Минуты растянулись в часы. Постепенно я перестал ощущать боль: знакомое чувство. Так же и на ринге: чувствуешь только первые удары, остальные просто встряхивают тебя, но боли уже нет. Наконец, когда моя правая снова обрела чувствительность, я, улучив момент, раскрытой ладонью врезал Арту по уху, что привело его в секундное замешательство; после чего заехал ему левым кулаком в висок. Арт заворчал, как сердитый пес, но он и не думал сдаваться. Пришлось врезать ему еще разок. И, знаете… Злость прошла. Так же внезапно, как и появилась, когда я вдруг вспомнил, ЗАЧЕМ мы здесь.

Я обеими руками спихнул Арта с себя и поднялся. Все тело дрожало в боевом запале, и некоторые внутренние органы настойчиво требовали опорожнения. Физиология, против нее не попрешь! Адреналин, как метлой, выбрасывает из организма все лишнее. В боксе обычно это делаешь перед боем, и проблем не возникает.

Я взял Арта за шиворот и поставил на ноги. Протянул ему руку.

– Арти! – сказал я. – Прости! Я был неправ.

Арт стоял, еле заметно покачиваясь. Я ожидал, что он меня сейчас треснет. Я знал, что он так сделает, и был готов.

Поэтому, когда Арти ударил меня в грудь – совсем не больно, скорее обозначив удар, нежели по-настоящему нанеся его – я даже не почувствовал.

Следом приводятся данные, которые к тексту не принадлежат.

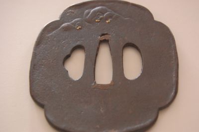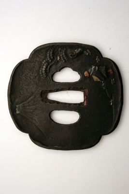 Elsa di spada giapponese di forma quadrilobata (mokko), con bordo rialzato rispetto alla superficie, con i tre fori canonici, quello centrale (nakagoana) per il codolo, il foro di sinistra (kozuka hitsuana) per il coltellino, e quello di destra (kogai hitsuana) per lo spillone. E' rappresentato un uomo con il cappello in mano, che ammira il monte Fuji sotto un albero di pino.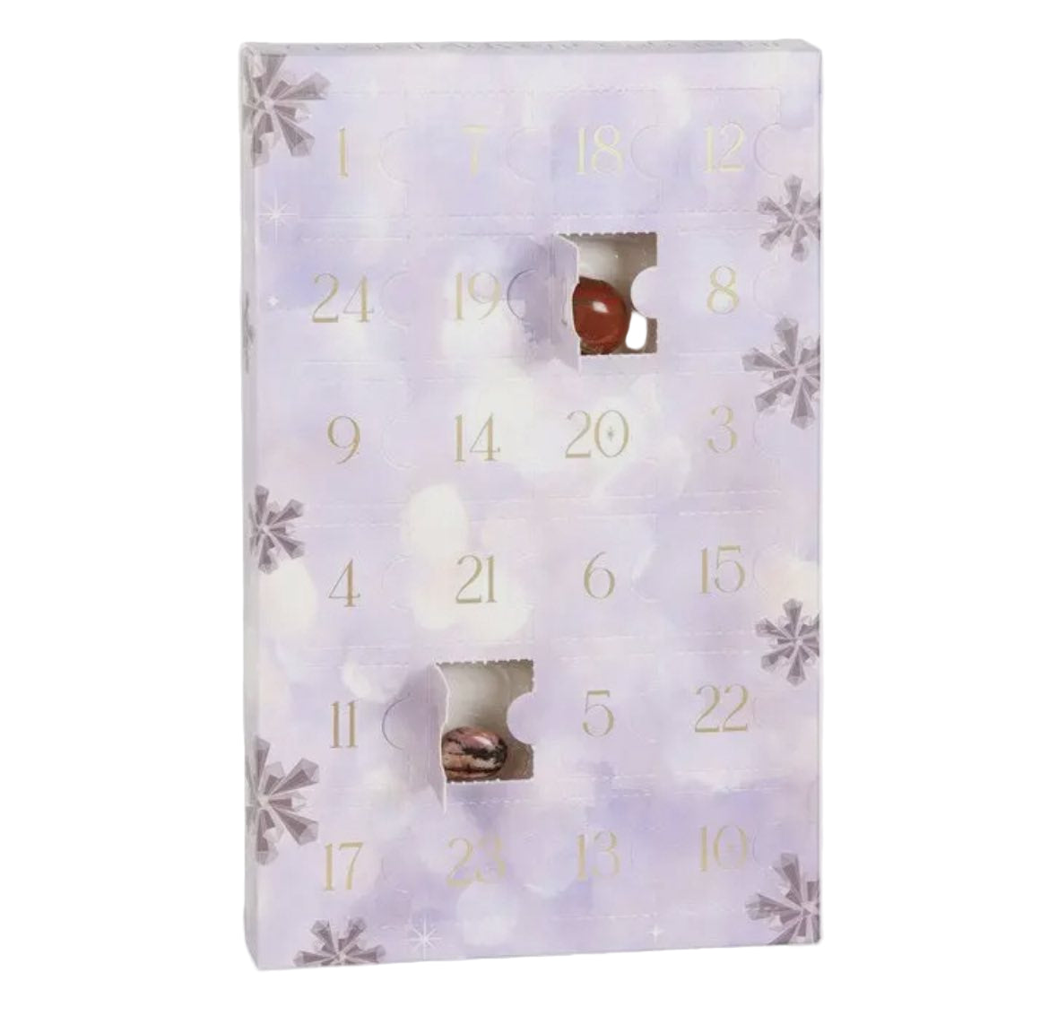 Behind every door lies a unique tumbled gemstone, carefully selected to inspire balance, positivity, and wonder throughout the festive season.

Если бы он ударил меня в лицо, то все началось бы заново. Но Арт это тоже понимал. Как понимал и то, что последнее слово должно остаться за ним – ведь это я его обидел. И он несильно треснул меня в грудь.

Последнее слово всегда должно оставаться за НАСТОЯЩИМ ИНДЕЙЦЕМ. И, хотя Арт тогда еще не знал ТАЙНЫ, а, узнав, так до конца и не поверил в нее, но он всегда был НАСТОЯЩИМ ИНДЕЙЦЕМ. За это я ручаюсь. И, если кто-нибудь вздумает при мне сказать о нем что-то плохое, тот здорово пожалеет.

– Пошли умоемся, – сказал я. – Как-то некрасиво… с такими рожами…

Арт кивнул.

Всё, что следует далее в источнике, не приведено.